Microservices-Based Healthcare Management Backend
This project is a microservices-based backend system for managing appointments, patients, doctors, and billing in a healthcare environment. It follows a modular, scalable design and uses different databases tailored to each service's needs.
6 independent microservices with API Gateway
Fully dockerized with Docker Compose
Apache Kafka for service communication
MySQL, PostgreSQL, and MongoDB
The system consists of the following microservices, each containerized via Docker:
Service | Port | Database | Primary Function |
---|---|---|---|
API Gateway | 4004 | - | Request routing and management |
Patient Service | 8080 | MySQL | Patient records management |
Billing Service | 8081 | PostgreSQL | Payment processing and billing |
Analytics Service | 8082 | MongoDB | Data analytics and reporting |
Doctor Service | 8083 | MySQL | Doctor profiles and specializations |
Appointment Service | 8084 | PostgreSQL | Appointment scheduling and validation |
Auth Service | 8089 | PostgreSQL | Auth process |
Responsibility: This microservice is responsible for managing endpoints about patient records. The relationship between Kafka and Patient Service sends an event to the Analytics Service. The database of this microservice is PostgresSQL and it runs simultaneously with the microservice, thanks to docker-compose.

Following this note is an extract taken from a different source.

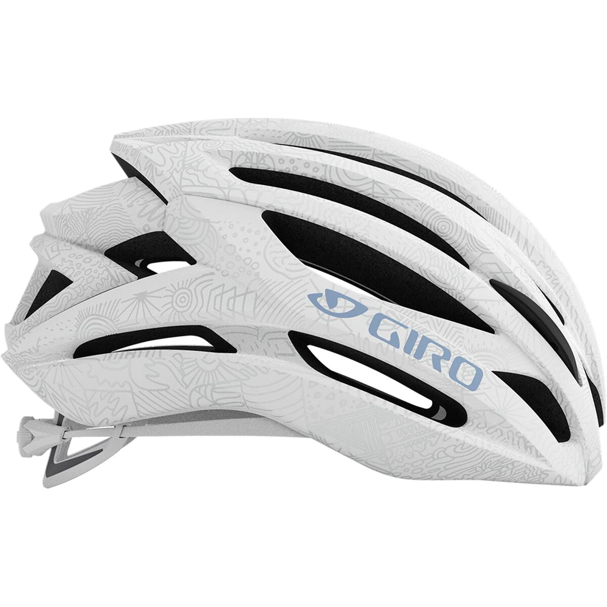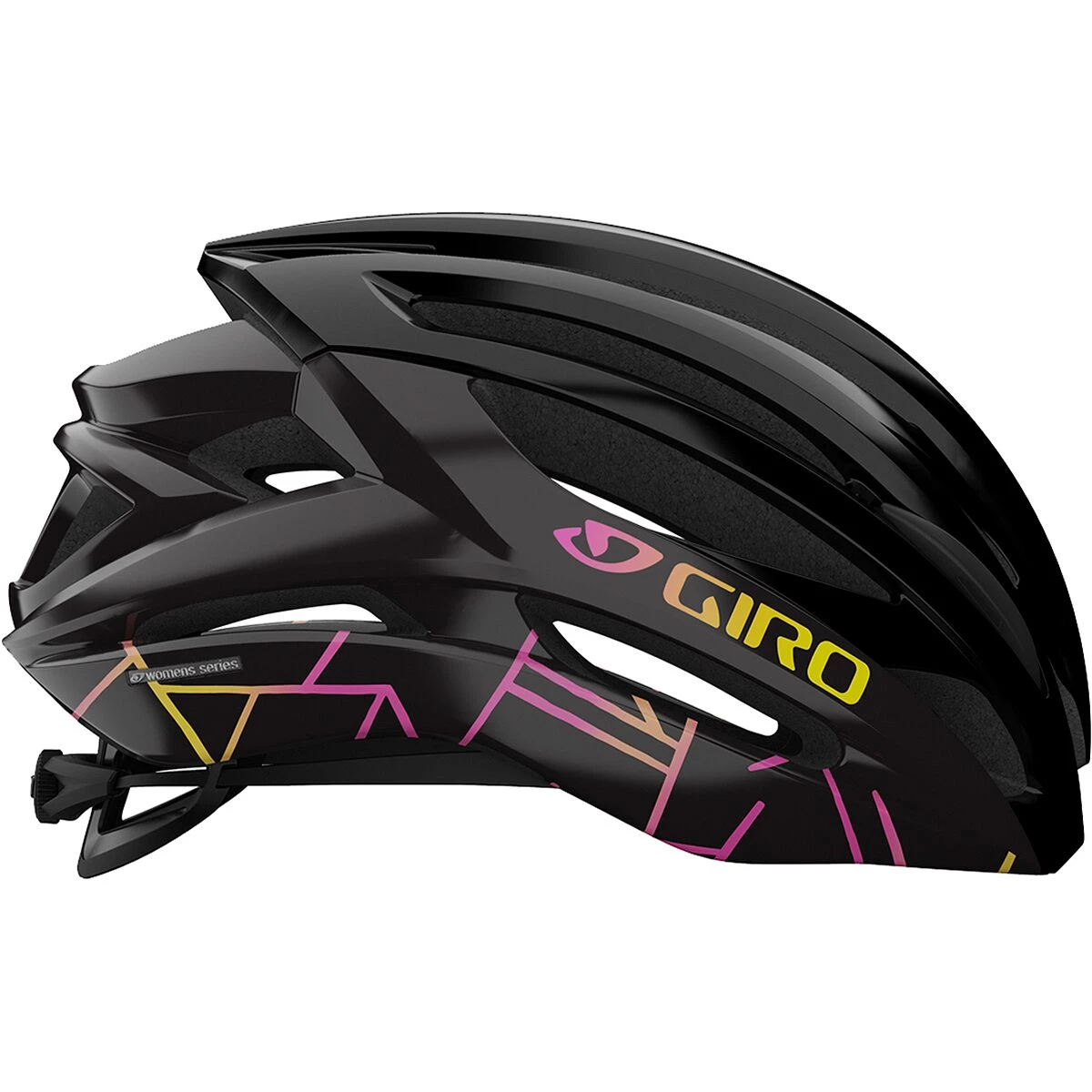 Just under the top tier Ember within Giro’s women’s specific road cycling helmet line is the Seyen MIPS Helmet. With a slight side-step from the norm, Giro chooses a “European” design and engineers the Seyen to sit a little deeper for added protection all-around while also pairing it with the MIPS integrated safety system. An outer shell of hard polycarbonate is bonded with an EPS foam liner using InMold technology to boost safety as well as reduce weight. Striking graphics help the Seyen make an impact compared to the more subdued helmets in your riding group, and a unique venting layup adds a touch more. With 25 Wind Tunnel vents and an internal channel network to keep you cool on hot days, the open front V-shaped vent sets the Seyen apart from other helmets in Giro’s lineup. At the rear, the Seyen is equipped with Giro’s familiar Roc Loc 5 fit system for easy adjustments with a roll-dial that can be operated on the go even with gloved hands.

Responsibilities: This microservice is responsible for managing endpoints about doctor records. The database of that microservice is MySQL. The reason beyond this database selection, it's generally optimized for read-heavy operations and offers slightly better performance in that context.

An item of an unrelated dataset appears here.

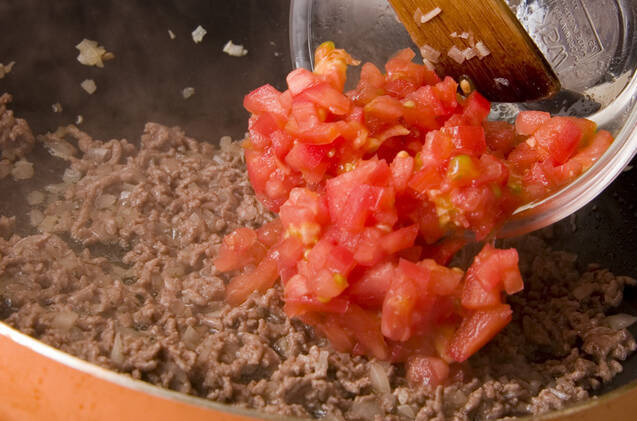 玉ネギ、ニンニク、トマト、<調味料>の生バジルはそれぞれ粗いみじん切りにする。フライパンにオリーブ油とニンニクを入れて弱火にかけ、香りがたてば玉ネギを加えて中火で炒める。しんなりすれば合いびき肉を加えて更に炒め、色が変わればトマトと<調味料>を加えてトロッとしたソース状になるまで3~5分煮詰める。

Responsibilities: This microservice is responsible for managing appointments,
verifying IDs, notifying other services with Kafka. The database of this microservice is
PostgresSQL. It also has two services. One of the services is managing appointment process. With
the help of Rest Template, this service verify the Patient ID and Doctor ID to create an
appointment. Also, if any patient's payment process is successful then Kafka triggers an event
for The Billing Service. The second service of this microservice is
Cleanup Service
, manages deleting outdated appointments every day.

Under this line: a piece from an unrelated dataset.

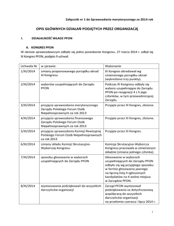 Załącznik nr 1 do Sprawozdania merytorycznego za 2014 rok OPIS GŁÓWNYCH DZIAŁAŃ PODJĘTYCH PRZEZ ORGANIZACJĘ I. DZIAŁALNOŚĆ WŁADZ PFON A. KONGRES PFON W okresie sprawozdawczym odbyło się jedno posiedzenie Kongresu. 27 marca 2014 r. odbył się XI Kongres PFON, podjęto 9 uchwał. Uchwała Nr w sprawie: Wykonanie 1/XI/2014 zmiany proponowanego porządku obrad XI Kongresu XI Kongres obradował wg zmienionego porządku obrad (wykreślono trzy punkty). 2/XI/2014 wyborów uzupełniających do Zarządu PFON Podczas XI Kongresu odbyły się wybory uzupełniające do Zarządu PFON po rezygnacji 4 z 5 jego członków, w tym przewodniczącej Zarządu. 3/XI/2014 przyjęcia sprawozdania merytorycznego Zarządu Polskiego Forum Osób Niepełnosprawnych za rok 2013 Przyjęte przez XI Kongres, złożone. 4/XI/2014 przyjęcia sprawozdania finansowego Zarządu Polskiego Forum Osób Niepełnosprawnych za rok 2013 Przyjęte przez XI Kongres, złożone. 5/XI/2014 przyjęcia sprawozdania Komisji Rewizyjnej Przyjęte przez XI Kongres. Polskiego Forum Osób Niepełnosprawnych za rok 2013 6/XI/2014 zmiany składu Komisji SkrutacyjnoWyborczej Kongresu Komisja Skrutacyjno-Wyborcza Kongresu pracowała w zmienionym składzie (zmiana jednego członka). 7/XI/2014 sposobu głosowania w wyborach uzupełniających do Zarządu PFON Głosowanie w wyborach uzupełniających do Zarządu PFON odbyło się wg przyjętego sposobu: w formie głosowania jawnego na łączną listę 4 zgłoszonych kandydatów na 4 wolne miejsca w Zarządzie PFON. 8/XI/2014 wystosowania podziękowań do wszystkich darczyńców organizacji Zarząd PFON wystosował podziękowania za dotychczasową współpracę do wszystkich darczyńców organizacji na przełomie czerwca i lipca 2014 r. 1 9/XI/2014 podziękowania osobom wchodzącym w skład Grupy ON Inclusion 2014 – 2020 XI Kongres PFON wyraził gratulacje i podziękowania osobom wchodzącym w skład Grupy ON Inclusion 14-20 za podjęcie i przeprowadzenie działań, które doprowadziły do wprowadzenia celu szczegółowego „Przygotowanie podmiotów polityk publicznych do pełnej implementacji postanowień Konwencji ONZ o prawach osób niepełnosprawnych” do Priorytetu 9.4 Programu PO WER. B. ZARZĄD PFON Zarząd od dnia 27.03.2014 r. do dn. 25.11.2014 r. działał w składzie: Grzegorz Kozłowski – przewodniczący Zarządu, Maria Król – wiceprzewodnicząca Zarządu, Bogumił Maszewski – wiceprzewodniczący Zarządu, Beata Peplińska-Strehlau – skarbnik, Piotr Kowalski – sekretarz. W związku z rezygnacją Grzegorza Kozłowskiego z funkcji przewodniczącego, Zarząd w dn. 17.12.2014 ponownie się ukonstytuował i przewodniczącą Zarządu została Maria Król. W okresie sprawozdawczym odbyło się 9 posiedzeń Zarządu (29.01, 27.03, 11.04, 06.05, 17.06, 10.09, 28.10, 12.11, 17.12). Jednocześnie regularnie, w formie telefonicznej i mailowej, członkowie Zarządu kontaktowali się w sprawach bieżących. W okresie sprawozdawczym Zarząd podjął 17 uchwał w sprawach: 1. lokalizacji siedziby Polskiego Forum Osób Niepełnosprawnych – z dn. 29.01.2014 2. założenia konta w innym banku niż dotychczasowy PEKAO SA – z dn. 29.01.2014 3. składki Stowarzyszenia „Otwarte Drzwi” – z dn. 29.01.2014 4. Regulaminu e-mailowych uzgodnień oraz skypowych posiedzeń Zarządu PFON – z dn. 29.01.2014 5. przystąpienia PFON do Polskiej Unii Zatrudnienia Wspomaganego – z dn. 31.01.2014 6. przyjęcia sprawozdania merytorycznego Polskiego Forum Osób Niepełnosprawnych za rok 2013 – z dn. 27.03.2014 7. przyjęcia sprawozdania finansowego Polskiego Forum Osób Niepełnosprawnych za rok 2013 – z dn. 27.03.2014 8. zatwierdzania operacji bankowych Polskiego Forum Osób Niepełnosprawnych – z dn. 11.04.2014 9. utworzenia „rady konsultacyjnej” i zespołu eksperckiego – z dn. 11.04.2014 10. powołania Zespołu Doradczo-Programowego w PFON – z dn. 06.05.2014 11. reaktywacji Zespołu Badań, Ewaluacji i Monitoringu w PFON – z dn. 06.05.2014 12. przyjęcia Karkonoskiego Sejmiku Osób Niepełnosprawnych w poczet członków zwyczajnych 2 PFON – z dn. 31.07.2014 13. sformalizowania współpracy z Koalicją Na Rzecz Osób z Niepełnosprawnościami – z dn. 10.09.2014 14. działania Sekretarza Zarządu PFON – z dn. 10.09.2014 15. bieżącego wsparcia działań organizacji pozarządowych – z dn. 10.09.2014 16. Zasad przyznawania honorowego patronatu Polskiego Forum Osób Niepełnosprawnych – z dn. 19.09.2014 17. ponownego ukonstytuowania się Zarządu PFON – z dn. 17.12.2014 II. DZIAŁALNOŚĆ PFON W EUROPEJSKIM FORUM OSÓB NIEPEŁNOSPRAWNYCH (EDF) Członkiem Zarządu EDF była p. Małgorzata Koter-Mórgowska, Przewodnicząca Zarządu Lubelskiego Związku Inwalidów Narządu Ruchu. W okresie sprawozdawczym odbyły się trzy posiedzenia Zarządu EDF, w tym jedno połączone ze Zgromadzeniem Ogólnym: w dniach 22-23 lutego w Atenach, gdzie – w ramach konferencji „Implementacja praw osób z niepełnosprawnościami a fundusze strukturalne” – Małgorzata Koter-Mórgowska przedstawiła polskie doświadczenia w tym zakresie, a w szczególności działania Grupy „ON Inclusion 14-20”, zarys przygotowanego przez nią dokumentu pt. "Właściwe włączanie tematyki osób z niepełnosprawnościami w programowanie funduszy UE 20142020 – postulaty organizacji pozarządowych" oraz dalsze efekty pracy Grupy; w dniach 16-18 maja w Zagrzebiu; podczas Zgromadzenia Ogólnego EDF PFON był reprezentowany również przez ówczesnego przewodniczącego Zarządu PFON Grzegorza Kozłowskiego i p. Lucynę Długołęcką (członkinię z ramienia PFON Grupy eksperckiej EDF ds. osób ze szczególnymi potrzebami wsparcia); w dniach 8-9 listopada w Brukseli. Ponadto – jako członkini Grupy Doradczej EDF ds. niezależnego życia i usług świadczonych na poziomie społeczności lokalnych – p. Małgorzata Koter-Mórgowska brała udział w posiedzeniach Grupy w dniach 21 lutego i 7 li

Responsibilities: This microservice is responsible for creating billing records after appointments. It creates an invoice for a patient with invoice-generator API, and it stores invoice instances (PDF) on Billing Service image.
Responsibilities: This microservice is responsible for creating auth records. It generates an JWT token for accessing other endpoints
Responsibilities: This microservice is responsible for managing request routing, and API management.
I chose a microservice architecture to achieve loose coupling, scalability, and independent deployments. Each service is responsible for a specific domain (patients, doctors, appointments, billing, authentication), which makes the system modular and easier to maintain. This design also allows services to use different databases and technologies depending on their requirements, rather than being restricted to a single stack. In addition, microservices enable fault isolation β if one service fails, the others can continue functioning, improving the systemβs reliability
Each microservice has its own database to respect the loose coupling principle. I used PostgreSQL for the Patient Service because of its powerful relational features, JSONB support, and advanced querying capabilities, which fit patient data well. On the other hand, I chose MySQL for the Doctor Service since it is lightweight and efficient for handling structured data with high read/write operations.
I used Apache Kafka for asynchronous, event-driven communication between services. Instead of relying only on HTTP calls, Kafka enabled me to build a scalable and fault-tolerant data pipeline. Producers generate events (such as patient updates or logs), and consumers process them independently, which reduces coupling and improves system resilience.
Docker allowed me to containerize services and databases, ensuring they run consistently across environments. Volumes were used to persist user data. Kubernetes provided orchestration features such as service discovery, load balancing, scaling, and persistent storage management, making deployments production-ready and easier to maintain.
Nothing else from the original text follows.